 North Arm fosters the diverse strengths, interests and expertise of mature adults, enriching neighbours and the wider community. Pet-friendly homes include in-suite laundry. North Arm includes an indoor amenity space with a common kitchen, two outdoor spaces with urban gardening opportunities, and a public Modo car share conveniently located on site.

#####

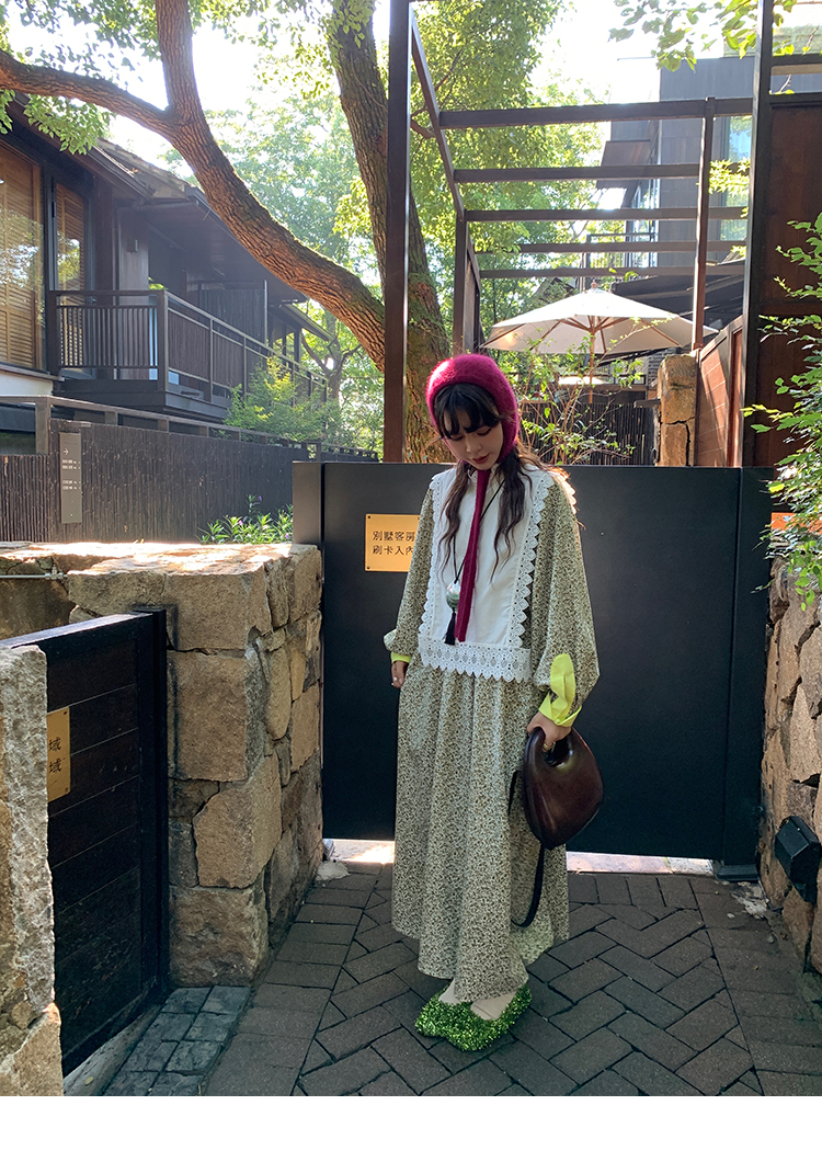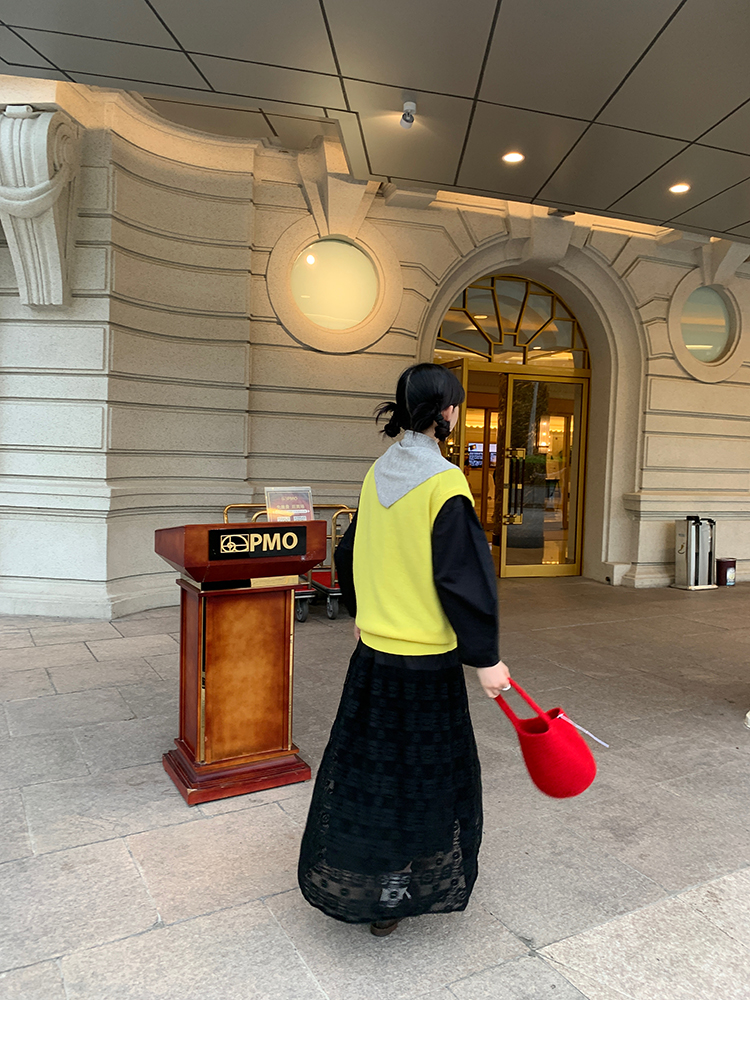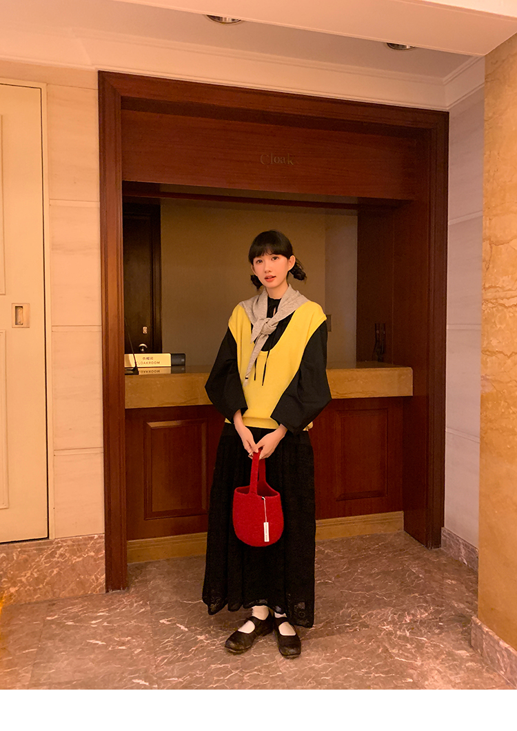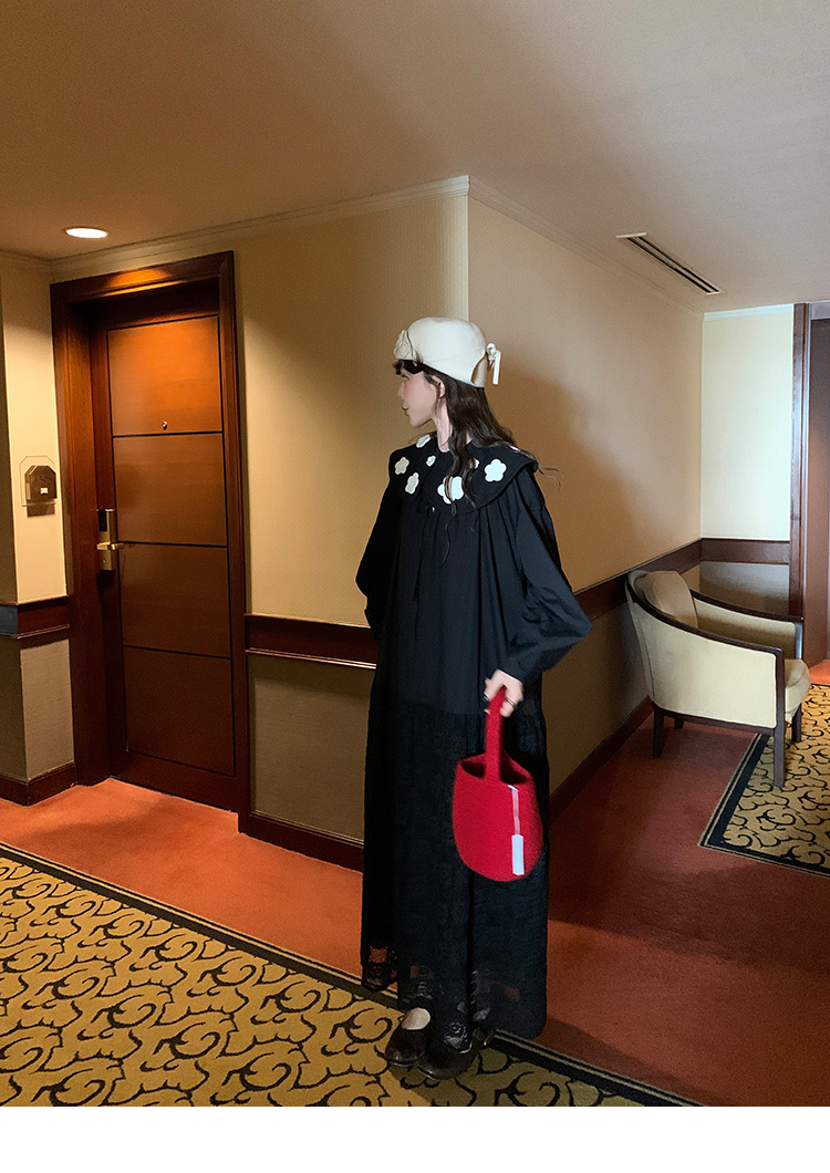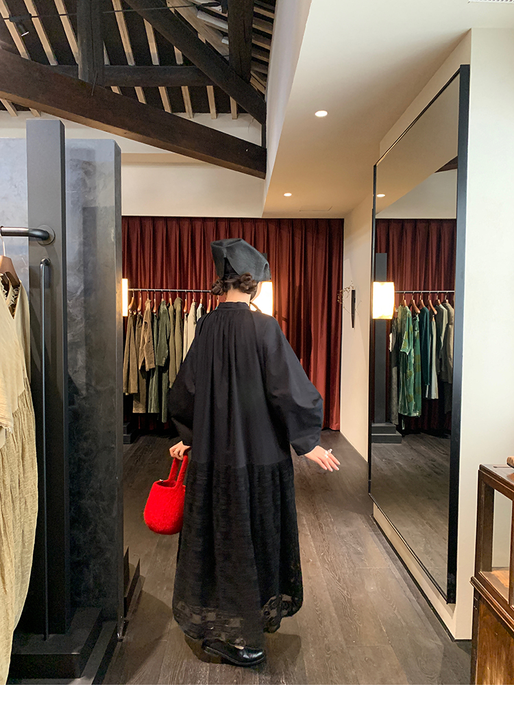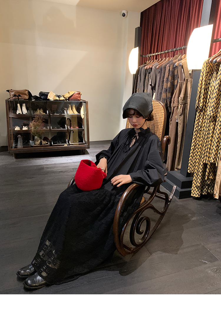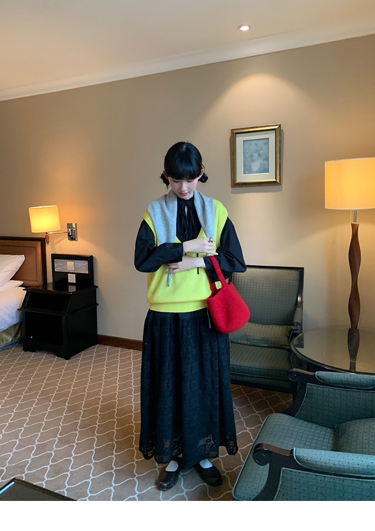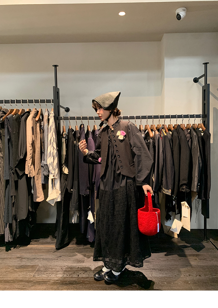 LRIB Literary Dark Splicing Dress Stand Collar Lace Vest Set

#####

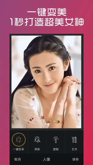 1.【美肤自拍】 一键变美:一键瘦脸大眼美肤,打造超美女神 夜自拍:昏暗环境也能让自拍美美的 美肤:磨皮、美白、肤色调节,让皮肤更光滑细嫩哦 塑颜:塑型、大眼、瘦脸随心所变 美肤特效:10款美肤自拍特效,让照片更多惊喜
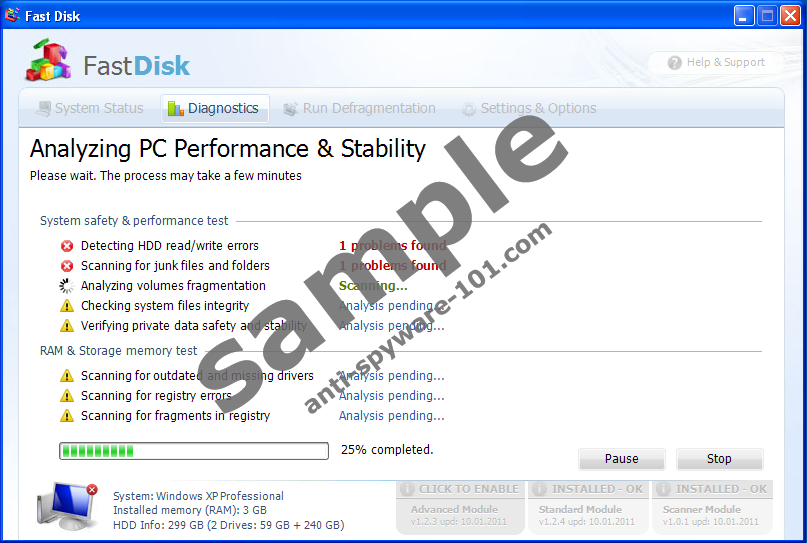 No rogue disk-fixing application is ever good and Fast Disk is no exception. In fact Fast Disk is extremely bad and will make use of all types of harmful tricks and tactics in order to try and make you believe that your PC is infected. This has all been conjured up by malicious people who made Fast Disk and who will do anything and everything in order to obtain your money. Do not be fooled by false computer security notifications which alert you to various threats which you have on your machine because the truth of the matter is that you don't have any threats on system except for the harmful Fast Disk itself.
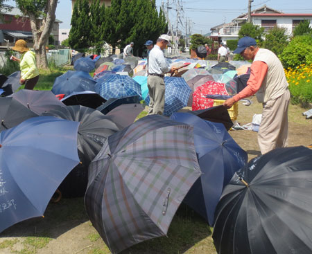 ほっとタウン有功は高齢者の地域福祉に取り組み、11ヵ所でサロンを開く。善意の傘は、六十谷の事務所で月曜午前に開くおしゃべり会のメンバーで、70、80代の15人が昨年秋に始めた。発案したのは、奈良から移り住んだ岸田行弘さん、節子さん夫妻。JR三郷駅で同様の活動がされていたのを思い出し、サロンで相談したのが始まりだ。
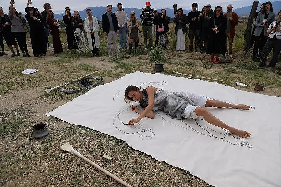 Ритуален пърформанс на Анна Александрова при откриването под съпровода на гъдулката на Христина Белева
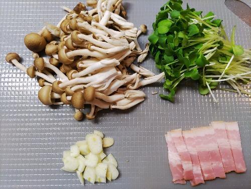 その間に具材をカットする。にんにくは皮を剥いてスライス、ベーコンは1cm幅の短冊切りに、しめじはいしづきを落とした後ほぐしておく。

#####

= Work task =
Please copy out from the data above, without any picture, exactly the lines running from the one that holds "Ритуален пърформанс на" through the one that holds "その間に具材をカットする。に", and nothing beyond them.

= Exercise solution =
 Ритуален пърформанс на Анна Александрова при откриването под съпровода на гъдулката на Христина Белева
 その間に具材をカットする。にんにくは皮を剥いてスライス、ベーコンは1cm幅の短冊切りに、しめじはいしづきを落とした後ほぐしておく。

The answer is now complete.